■ **The records**
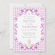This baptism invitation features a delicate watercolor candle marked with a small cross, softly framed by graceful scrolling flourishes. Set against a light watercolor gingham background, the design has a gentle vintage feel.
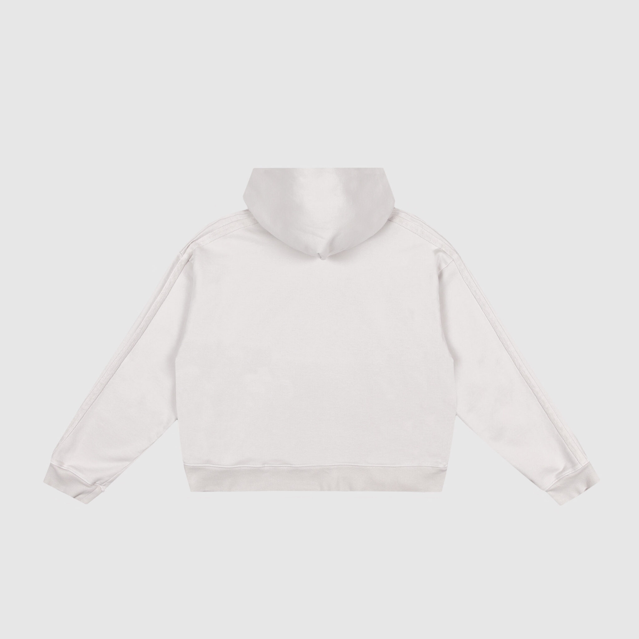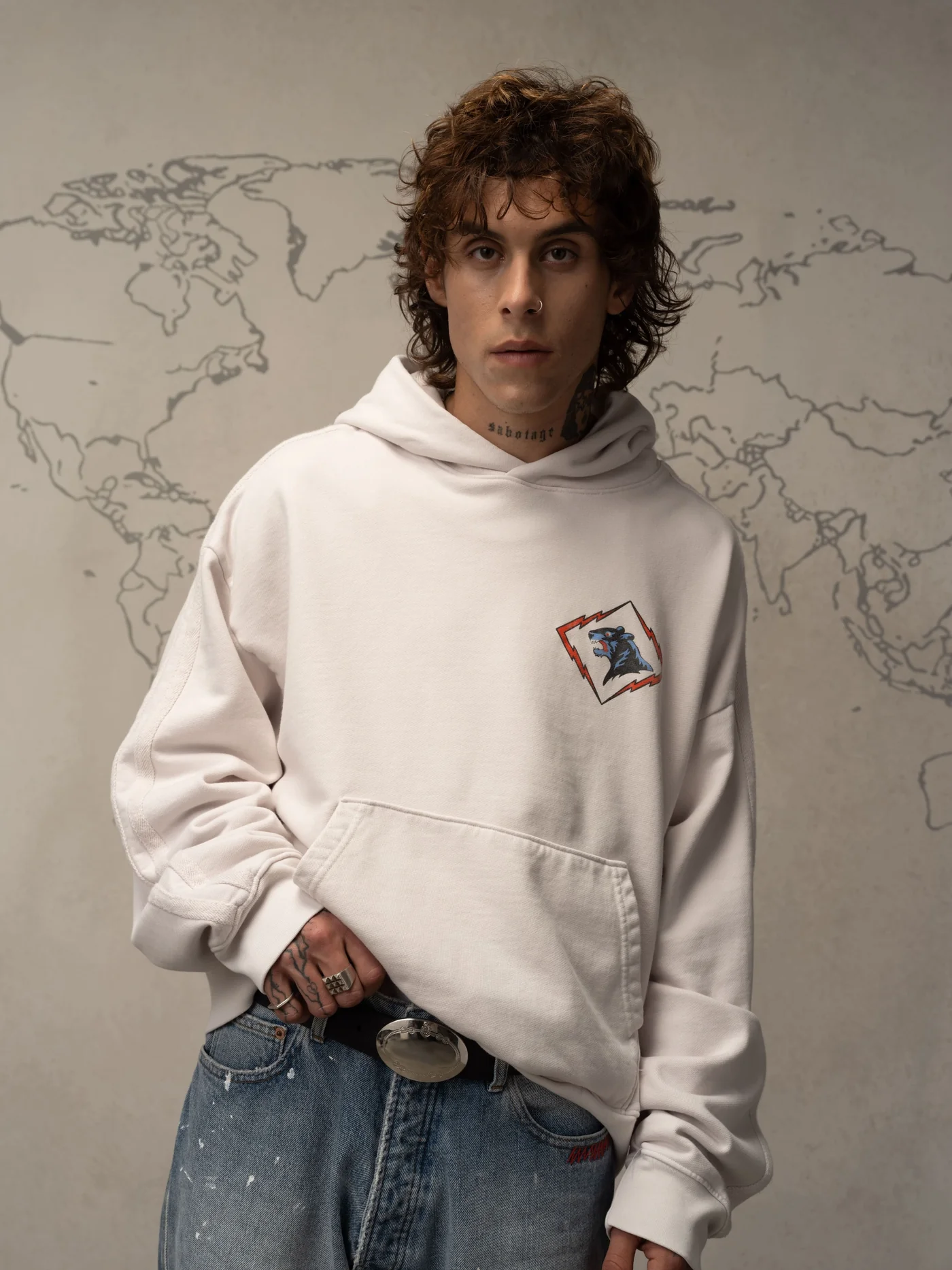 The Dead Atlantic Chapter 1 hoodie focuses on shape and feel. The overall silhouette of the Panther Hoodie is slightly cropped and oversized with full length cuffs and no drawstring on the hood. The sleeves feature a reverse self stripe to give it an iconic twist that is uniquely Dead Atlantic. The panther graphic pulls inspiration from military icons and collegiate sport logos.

--

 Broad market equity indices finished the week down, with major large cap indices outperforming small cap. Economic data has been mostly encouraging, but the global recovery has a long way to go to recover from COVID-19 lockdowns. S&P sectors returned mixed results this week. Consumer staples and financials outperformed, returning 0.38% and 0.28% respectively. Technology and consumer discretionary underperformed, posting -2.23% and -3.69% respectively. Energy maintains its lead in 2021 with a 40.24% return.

■ **Task to complete**
When copying from the data above, begin at the line containing "This baptism invitation" and end at the line containing "The Dead Atlantic"; return those lines exactly and leave all pictures behind.

■ **Solution to the problem**
This baptism invitation features a delicate watercolor candle marked with a small cross, softly framed by graceful scrolling flourishes. Set against a light watercolor gingham background, the design has a gentle vintage feel.
 The Dead Atlantic Chapter 1 hoodie focuses on shape and feel. The overall silhouette of the Panther Hoodie is slightly cropped and oversized with full length cuffs and no drawstring on the hood. The sleeves feature a reverse self stripe to give it an iconic twist that is uniquely Dead Atlantic. The panther graphic pulls inspiration from military icons and collegiate sport logos.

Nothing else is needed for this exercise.